Under new management, the very feel of the décor and menu at Olive, in Princes Risborough, suggest a modern twist on the nation’s favourite food.

We dived right in with poppadoms and a vast selection of chutney and dips, including a chilli chutney that will warm you through for weeks to come.

You can also try the made in house salsa, which contains tomato, chilli and tamarind and is unbelievably good. 

You might not think of Olive then Indian food, and that should be the first clue that this is going to be something different. The food is luxurious, they use no food colourings so the things you eat both look and taste as they should, and are enhanced with the flavours of Southern India, not masked by commercialised or generic flavours.

In fact they pride themselves on not using bulking agents or processed meats at all. They call it food they eat at home with their own family.

There are sharing platters, dosas, puris and all sorts of treats to choose from to start. We began with the Mixed Platter (£7 per person) - onion bhaji, chicken tikka, seekh kebab, duck roll and salmon tikka served with a salad and a gorgeous minty green chilli chutney and a sweet tamarind offering.

What we noticed straight away is the authenticity of the food, it is real food. Because of the chefs’ philosophy of using quality ingredients, things look as they should and taste that way too.

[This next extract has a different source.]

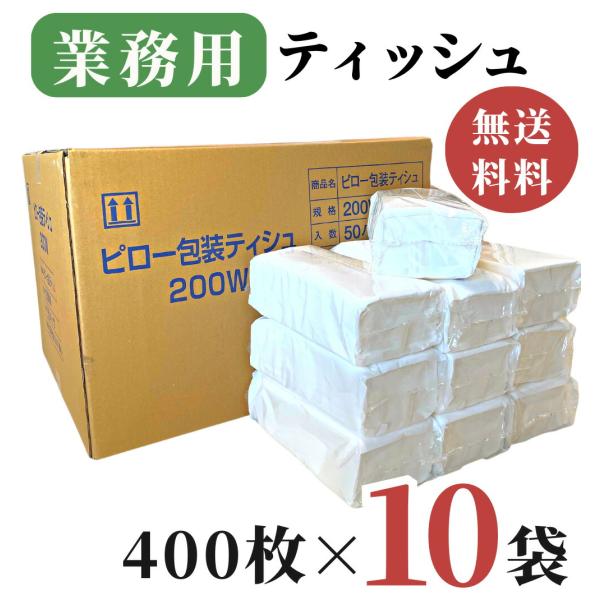 業務用 ティッシュペーパー 200組 ( 400枚 ) 10袋 / 送料無料 詰め替え用 ティシュペーパー 田子浦パルプ 高級 箱なし ソフトパック ピロー包装ティシュ

The sheekh kebab was made with such an excellent cut of lamb and delicately herbed and spiced, and this echoed in all the dishes that evening. 

We visited on one of the two banquet nights – Mondays and Wednesdays. For main I chose a Chilli Beef Tawa, a true street food dish tossed on griddle with shredded ingredients then cooked in a Tawa.

My husband Nicholas opted for another rarely seen dish on an Indian menu and yet again true to its roots – Rajasthani Venison Curry (£9.00).

Nicholas felt like royalty having this rich, yet delicately spiced curry. We also tried both the Caramelised Butter Fried Rice (£2.75), which taste like a buttery marriage of an onion bhaji and rice, and the Lime and Coconut Rice (£2.95) – which is a fabulous accompaniment to the spicy street food dishes. 

We also sampled the Sag Panir (£4.95), and I don’t mind telling you it is one of the best I have ever tasted, and the Chilli and Coriander Naan (£2.50).

It packs a punch, and really delivers on both of its main ingredients and much more. We did like the sound of the spicy mash as well, and will go for that next time.

We invite you to go bold with your choices, you won’t look back, and with food available for takeaway as well as the sociable sharing options available at the restaurant, give this emerging group of restaurants (becoming more and more popular across the Home Counties) a go.